▸ What to do
Nothing in the records may be left out or altered; reproduce them all exactly.

▸ Records for this task
┄┄┄┄┄┄┄┄┄┄┄┄┄┄┄┄┄┄┄┄
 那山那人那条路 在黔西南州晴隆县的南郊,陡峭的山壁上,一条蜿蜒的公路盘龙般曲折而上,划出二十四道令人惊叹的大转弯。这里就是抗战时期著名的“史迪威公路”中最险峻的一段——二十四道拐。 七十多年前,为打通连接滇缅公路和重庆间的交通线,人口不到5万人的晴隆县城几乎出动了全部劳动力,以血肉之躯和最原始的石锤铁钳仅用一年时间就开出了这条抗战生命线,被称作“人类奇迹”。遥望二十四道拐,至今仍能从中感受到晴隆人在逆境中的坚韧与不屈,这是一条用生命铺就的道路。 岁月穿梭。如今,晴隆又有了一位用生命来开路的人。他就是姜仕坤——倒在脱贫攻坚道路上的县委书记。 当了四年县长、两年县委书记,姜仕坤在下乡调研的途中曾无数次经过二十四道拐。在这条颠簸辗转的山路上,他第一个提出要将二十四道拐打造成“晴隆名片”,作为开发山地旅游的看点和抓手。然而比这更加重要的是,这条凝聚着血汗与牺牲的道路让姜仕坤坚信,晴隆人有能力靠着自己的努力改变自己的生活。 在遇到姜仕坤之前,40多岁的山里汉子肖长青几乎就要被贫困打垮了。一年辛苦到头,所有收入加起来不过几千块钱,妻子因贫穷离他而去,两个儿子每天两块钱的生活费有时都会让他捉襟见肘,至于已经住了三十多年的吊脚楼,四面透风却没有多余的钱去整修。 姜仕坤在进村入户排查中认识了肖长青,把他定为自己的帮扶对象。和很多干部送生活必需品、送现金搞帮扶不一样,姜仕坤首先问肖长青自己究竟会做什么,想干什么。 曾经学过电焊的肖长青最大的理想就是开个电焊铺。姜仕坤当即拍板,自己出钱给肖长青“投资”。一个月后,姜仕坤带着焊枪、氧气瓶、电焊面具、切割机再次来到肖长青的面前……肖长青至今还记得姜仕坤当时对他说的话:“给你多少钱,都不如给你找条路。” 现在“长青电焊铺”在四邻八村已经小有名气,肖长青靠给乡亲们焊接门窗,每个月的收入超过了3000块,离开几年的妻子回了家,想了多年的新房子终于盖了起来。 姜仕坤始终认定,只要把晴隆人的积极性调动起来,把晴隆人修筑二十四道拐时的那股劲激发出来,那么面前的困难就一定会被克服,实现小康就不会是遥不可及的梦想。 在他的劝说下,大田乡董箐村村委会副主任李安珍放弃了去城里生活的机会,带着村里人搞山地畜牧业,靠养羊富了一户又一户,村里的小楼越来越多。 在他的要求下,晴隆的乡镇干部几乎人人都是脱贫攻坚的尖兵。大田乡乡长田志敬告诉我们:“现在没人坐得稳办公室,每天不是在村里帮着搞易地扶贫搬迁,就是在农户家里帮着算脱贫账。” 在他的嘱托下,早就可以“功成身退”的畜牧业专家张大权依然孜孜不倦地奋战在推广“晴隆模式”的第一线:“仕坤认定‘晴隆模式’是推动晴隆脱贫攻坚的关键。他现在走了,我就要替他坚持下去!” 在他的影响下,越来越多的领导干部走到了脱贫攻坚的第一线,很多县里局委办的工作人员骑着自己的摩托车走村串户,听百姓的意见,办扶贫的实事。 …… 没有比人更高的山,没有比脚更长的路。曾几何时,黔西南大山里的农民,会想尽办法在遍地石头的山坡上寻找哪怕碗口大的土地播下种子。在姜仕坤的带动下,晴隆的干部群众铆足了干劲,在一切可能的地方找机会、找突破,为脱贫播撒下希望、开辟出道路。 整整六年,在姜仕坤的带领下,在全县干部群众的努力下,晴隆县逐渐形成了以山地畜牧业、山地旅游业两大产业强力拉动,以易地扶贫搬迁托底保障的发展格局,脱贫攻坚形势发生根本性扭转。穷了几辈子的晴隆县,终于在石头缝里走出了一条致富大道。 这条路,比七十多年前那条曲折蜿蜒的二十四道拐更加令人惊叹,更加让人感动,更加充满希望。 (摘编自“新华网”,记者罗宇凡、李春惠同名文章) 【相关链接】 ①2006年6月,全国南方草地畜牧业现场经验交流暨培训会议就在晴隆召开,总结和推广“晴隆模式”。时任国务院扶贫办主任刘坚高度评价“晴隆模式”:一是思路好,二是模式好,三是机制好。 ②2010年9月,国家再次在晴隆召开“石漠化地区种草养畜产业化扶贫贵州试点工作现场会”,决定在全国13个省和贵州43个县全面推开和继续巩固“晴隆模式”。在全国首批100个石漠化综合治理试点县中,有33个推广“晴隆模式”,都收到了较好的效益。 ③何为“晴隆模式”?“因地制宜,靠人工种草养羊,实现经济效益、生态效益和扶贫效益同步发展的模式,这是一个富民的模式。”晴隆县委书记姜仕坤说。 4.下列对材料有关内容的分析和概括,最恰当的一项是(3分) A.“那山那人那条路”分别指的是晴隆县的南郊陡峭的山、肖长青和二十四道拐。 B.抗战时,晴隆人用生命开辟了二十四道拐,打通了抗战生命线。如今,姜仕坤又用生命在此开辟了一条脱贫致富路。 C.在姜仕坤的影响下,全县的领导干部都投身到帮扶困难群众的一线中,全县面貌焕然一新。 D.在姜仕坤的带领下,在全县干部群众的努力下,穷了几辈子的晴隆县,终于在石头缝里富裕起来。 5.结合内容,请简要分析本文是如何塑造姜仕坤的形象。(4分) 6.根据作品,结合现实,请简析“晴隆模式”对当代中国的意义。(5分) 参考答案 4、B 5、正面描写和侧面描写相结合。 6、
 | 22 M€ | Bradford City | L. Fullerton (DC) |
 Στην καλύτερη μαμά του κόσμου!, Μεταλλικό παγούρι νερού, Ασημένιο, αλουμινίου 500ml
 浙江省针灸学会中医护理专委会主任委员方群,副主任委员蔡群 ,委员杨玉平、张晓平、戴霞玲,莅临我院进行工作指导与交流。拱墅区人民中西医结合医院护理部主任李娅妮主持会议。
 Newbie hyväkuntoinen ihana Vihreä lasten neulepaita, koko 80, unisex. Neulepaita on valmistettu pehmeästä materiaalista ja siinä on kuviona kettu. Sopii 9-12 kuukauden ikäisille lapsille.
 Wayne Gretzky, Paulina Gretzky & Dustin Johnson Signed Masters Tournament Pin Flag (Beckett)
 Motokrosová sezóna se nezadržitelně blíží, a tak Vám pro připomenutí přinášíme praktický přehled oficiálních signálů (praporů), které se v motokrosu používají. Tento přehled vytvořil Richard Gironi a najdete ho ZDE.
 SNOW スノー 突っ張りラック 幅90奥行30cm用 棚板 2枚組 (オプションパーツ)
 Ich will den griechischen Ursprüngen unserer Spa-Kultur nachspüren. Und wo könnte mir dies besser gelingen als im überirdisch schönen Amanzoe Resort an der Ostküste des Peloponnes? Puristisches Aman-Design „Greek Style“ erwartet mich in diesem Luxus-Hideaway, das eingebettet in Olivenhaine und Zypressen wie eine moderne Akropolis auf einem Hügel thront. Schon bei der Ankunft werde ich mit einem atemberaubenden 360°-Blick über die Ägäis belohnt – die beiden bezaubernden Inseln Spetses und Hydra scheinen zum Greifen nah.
┄┄┄┄┄┄┄┄┄┄┄┄┄┄┄┄┄┄┄┄
▸ Answer box
 那山那人那条路 在黔西南州晴隆县的南郊,陡峭的山壁上,一条蜿蜒的公路盘龙般曲折而上,划出二十四道令人惊叹的大转弯。这里就是抗战时期著名的“史迪威公路”中最险峻的一段——二十四道拐。 七十多年前,为打通连接滇缅公路和重庆间的交通线,人口不到5万人的晴隆县城几乎出动了全部劳动力,以血肉之躯和最原始的石锤铁钳仅用一年时间就开出了这条抗战生命线,被称作“人类奇迹”。遥望二十四道拐,至今仍能从中感受到晴隆人在逆境中的坚韧与不屈,这是一条用生命铺就的道路。 岁月穿梭。如今,晴隆又有了一位用生命来开路的人。他就是姜仕坤——倒在脱贫攻坚道路上的县委书记。 当了四年县长、两年县委书记,姜仕坤在下乡调研的途中曾无数次经过二十四道拐。在这条颠簸辗转的山路上,他第一个提出要将二十四道拐打造成“晴隆名片”,作为开发山地旅游的看点和抓手。然而比这更加重要的是,这条凝聚着血汗与牺牲的道路让姜仕坤坚信,晴隆人有能力靠着自己的努力改变自己的生活。 在遇到姜仕坤之前,40多岁的山里汉子肖长青几乎就要被贫困打垮了。一年辛苦到头,所有收入加起来不过几千块钱,妻子因贫穷离他而去,两个儿子每天两块钱的生活费有时都会让他捉襟见肘,至于已经住了三十多年的吊脚楼,四面透风却没有多余的钱去整修。 姜仕坤在进村入户排查中认识了肖长青,把他定为自己的帮扶对象。和很多干部送生活必需品、送现金搞帮扶不一样,姜仕坤首先问肖长青自己究竟会做什么,想干什么。 曾经学过电焊的肖长青最大的理想就是开个电焊铺。姜仕坤当即拍板,自己出钱给肖长青“投资”。一个月后,姜仕坤带着焊枪、氧气瓶、电焊面具、切割机再次来到肖长青的面前……肖长青至今还记得姜仕坤当时对他说的话:“给你多少钱,都不如给你找条路。” 现在“长青电焊铺”在四邻八村已经小有名气,肖长青靠给乡亲们焊接门窗,每个月的收入超过了3000块,离开几年的妻子回了家,想了多年的新房子终于盖了起来。 姜仕坤始终认定,只要把晴隆人的积极性调动起来,把晴隆人修筑二十四道拐时的那股劲激发出来,那么面前的困难就一定会被克服,实现小康就不会是遥不可及的梦想。 在他的劝说下,大田乡董箐村村委会副主任李安珍放弃了去城里生活的机会,带着村里人搞山地畜牧业,靠养羊富了一户又一户,村里的小楼越来越多。 在他的要求下,晴隆的乡镇干部几乎人人都是脱贫攻坚的尖兵。大田乡乡长田志敬告诉我们:“现在没人坐得稳办公室,每天不是在村里帮着搞易地扶贫搬迁,就是在农户家里帮着算脱贫账。” 在他的嘱托下,早就可以“功成身退”的畜牧业专家张大权依然孜孜不倦地奋战在推广“晴隆模式”的第一线:“仕坤认定‘晴隆模式’是推动晴隆脱贫攻坚的关键。他现在走了,我就要替他坚持下去!” 在他的影响下,越来越多的领导干部走到了脱贫攻坚的第一线,很多县里局委办的工作人员骑着自己的摩托车走村串户,听百姓的意见,办扶贫的实事。 …… 没有比人更高的山,没有比脚更长的路。曾几何时,黔西南大山里的农民,会想尽办法在遍地石头的山坡上寻找哪怕碗口大的土地播下种子。在姜仕坤的带动下,晴隆的干部群众铆足了干劲,在一切可能的地方找机会、找突破,为脱贫播撒下希望、开辟出道路。 整整六年,在姜仕坤的带领下,在全县干部群众的努力下,晴隆县逐渐形成了以山地畜牧业、山地旅游业两大产业强力拉动,以易地扶贫搬迁托底保障的发展格局,脱贫攻坚形势发生根本性扭转。穷了几辈子的晴隆县,终于在石头缝里走出了一条致富大道。 这条路,比七十多年前那条曲折蜿蜒的二十四道拐更加令人惊叹,更加让人感动,更加充满希望。 (摘编自“新华网”,记者罗宇凡、李春惠同名文章) 【相关链接】 ①2006年6月,全国南方草地畜牧业现场经验交流暨培训会议就在晴隆召开,总结和推广“晴隆模式”。时任国务院扶贫办主任刘坚高度评价“晴隆模式”:一是思路好,二是模式好,三是机制好。 ②2010年9月,国家再次在晴隆召开“石漠化地区种草养畜产业化扶贫贵州试点工作现场会”,决定在全国13个省和贵州43个县全面推开和继续巩固“晴隆模式”。在全国首批100个石漠化综合治理试点县中,有33个推广“晴隆模式”,都收到了较好的效益。 ③何为“晴隆模式”?“因地制宜,靠人工种草养羊,实现经济效益、生态效益和扶贫效益同步发展的模式,这是一个富民的模式。”晴隆县委书记姜仕坤说。 4.下列对材料有关内容的分析和概括,最恰当的一项是(3分) A.“那山那人那条路”分别指的是晴隆县的南郊陡峭的山、肖长青和二十四道拐。 B.抗战时,晴隆人用生命开辟了二十四道拐,打通了抗战生命线。如今,姜仕坤又用生命在此开辟了一条脱贫致富路。 C.在姜仕坤的影响下,全县的领导干部都投身到帮扶困难群众的一线中,全县面貌焕然一新。 D.在姜仕坤的带领下,在全县干部群众的努力下,穷了几辈子的晴隆县,终于在石头缝里富裕起来。 5.结合内容,请简要分析本文是如何塑造姜仕坤的形象。(4分) 6.根据作品,结合现实,请简析“晴隆模式”对当代中国的意义。(5分) 参考答案 4、B 5、正面描写和侧面描写相结合。 6、
 | 22 M€ | Bradford City | L. Fullerton (DC) |
 Στην καλύτερη μαμά του κόσμου!, Μεταλλικό παγούρι νερού, Ασημένιο, αλουμινίου 500ml
 浙江省针灸学会中医护理专委会主任委员方群,副主任委员蔡群 ,委员杨玉平、张晓平、戴霞玲,莅临我院进行工作指导与交流。拱墅区人民中西医结合医院护理部主任李娅妮主持会议。
 Newbie hyväkuntoinen ihana Vihreä lasten neulepaita, koko 80, unisex. Neulepaita on valmistettu pehmeästä materiaalista ja siinä on kuviona kettu. Sopii 9-12 kuukauden ikäisille lapsille.
 Wayne Gretzky, Paulina Gretzky & Dustin Johnson Signed Masters Tournament Pin Flag (Beckett)
 Motokrosová sezóna se nezadržitelně blíží, a tak Vám pro připomenutí přinášíme praktický přehled oficiálních signálů (praporů), které se v motokrosu používají. Tento přehled vytvořil Richard Gironi a najdete ho ZDE.
 SNOW スノー 突っ張りラック 幅90奥行30cm用 棚板 2枚組 (オプションパーツ)
 Ich will den griechischen Ursprüngen unserer Spa-Kultur nachspüren. Und wo könnte mir dies besser gelingen als im überirdisch schönen Amanzoe Resort an der Ostküste des Peloponnes? Puristisches Aman-Design „Greek Style“ erwartet mich in diesem Luxus-Hideaway, das eingebettet in Olivenhaine und Zypressen wie eine moderne Akropolis auf einem Hügel thront. Schon bei der Ankunft werde ich mit einem atemberaubenden 360°-Blick über die Ägäis belohnt – die beiden bezaubernden Inseln Spetses und Hydra scheinen zum Greifen nah.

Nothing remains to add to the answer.